# homegrown herbs and stuff



## beautifulbay (Sep 27, 2009)

I just finished crushing some of my homegrown herbs.  

Today was lemon balm and oregano.    my kitchen smells all lemony.  

I planted lavender this year, but all it did was grow and not put out flowers....is this normal for first year lavender?  Since the leaves are fragrant too, does anyone dry and use them?  It seems like they coud also be useful.  

Anyway, I love growing them all.  I want to do some indoors over the winter.  
Who else grows their own herbs for soaping and cooking??


----------



## Saltysteele (Sep 27, 2009)

very cool!  i was thinking of putting in some lavender bushes.  do they take much care?  what type of sun/soil?


----------



## beautifulbay (Sep 27, 2009)

well, I know it needs full sun and well drained soil.  I garden a lot, not just herbs, and I have horses, so I feed my ground a lot of manure.  This year, my lavender tripled in size, just didn't bloom.  I'm hoping to see what it will do next year.  I put in about 8 of them.  
It is a perennial, so it should come back each year.  Otherwise, I dont think it needs high care or maintenance.  

Next year, I want to grow some serious lemongrass.   8)


----------



## artisan soaps (Sep 28, 2009)

..


----------



## beautifulbay (Sep 28, 2009)

Artisan, we do the same thing, for the most part...self sufficiency.  My husband still works, but we do a lot of our own thing.  We garden, and are raising our first beef cow this year, we also have chickens, and goats were supplying my goats milk for soap, but I decided to sell them.  

We don't go as heavy as some people, but we do a lot for ourselves too.  We also have an orchard, bee hives, and grapes and have made homemade wine.  
It's great, doing so much for yourself.  

Anyway, it was cool to read your post.   

oh...and did your lavender bloom when it was real young???


----------



## Deb (Sep 28, 2009)

i want a beehive...badly...
and i want my own acreage. but it looks at least 10-15 years off for me. 
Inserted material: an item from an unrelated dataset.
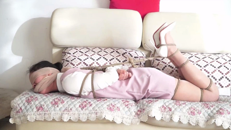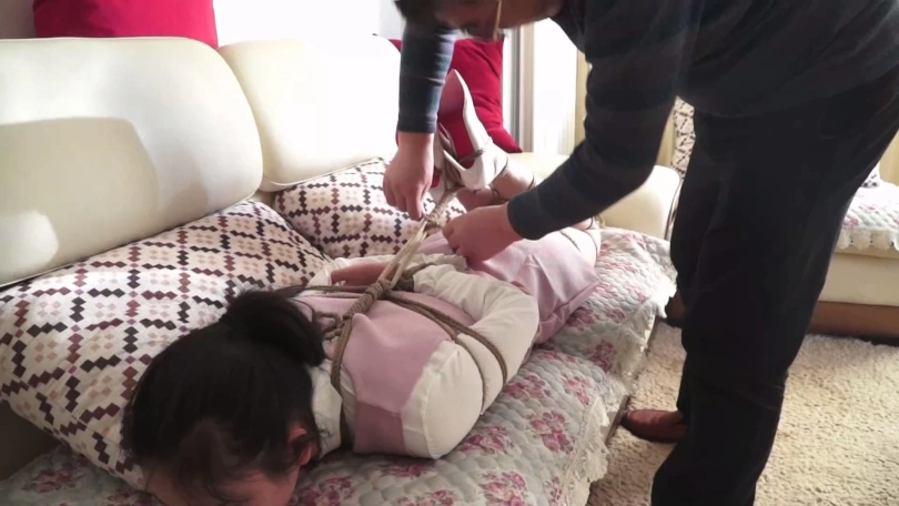 老王睡着后,静文开始疯狂挣扎,并挣扎开腿部的绳子。

laveder, I've use th stalks and leaves finely ground as they are slightly less 'whammy' than the leaves. Makes a nice green soap.


----------



## artisan soaps (Sep 28, 2009)

..


----------



## Bubbles Galore (Sep 29, 2009)

As the others have said, you can pretty much ignore Lavender and it will be fine. One thing though, it doesn't like a lot of manure so skip that part and you should be right for flowers next year. 
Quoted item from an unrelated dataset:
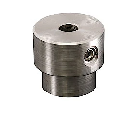 The sample mount is threaded and easily removable for wax or adhesive mounting. The carbide foot is replaceable and the diameter of the fixture base is 1.5" (38mm).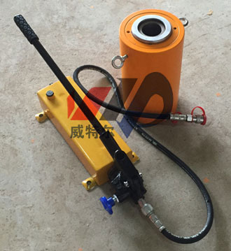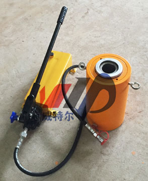 8、使用時先將手動泵的快速接頭與頂對接,然后選好位置,將油泵上的放油螺釘旋緊,即可工作。欲使活塞桿下降,將手動油泵手輪按逆時針方向微微旋松,油缸卸荷,活塞桿即逐漸下降。否則下降速度過快將產(chǎn)生危險。

If you think it needs feeding in years to come, try some well rotted compost instead. I never do much to mine.  :wink:


----------



## beautifulbay (Sep 29, 2009)

thanks to you both.

artisan, wow...I could never do all of what you did...the little we do is hard enough sometimes.  I'm impressed.  

Well, we'll see how the lavender does next year.  Yes, it is a thick leaf, and I also believe it was just establishing itself this year.  Sooo, we shall see.


----------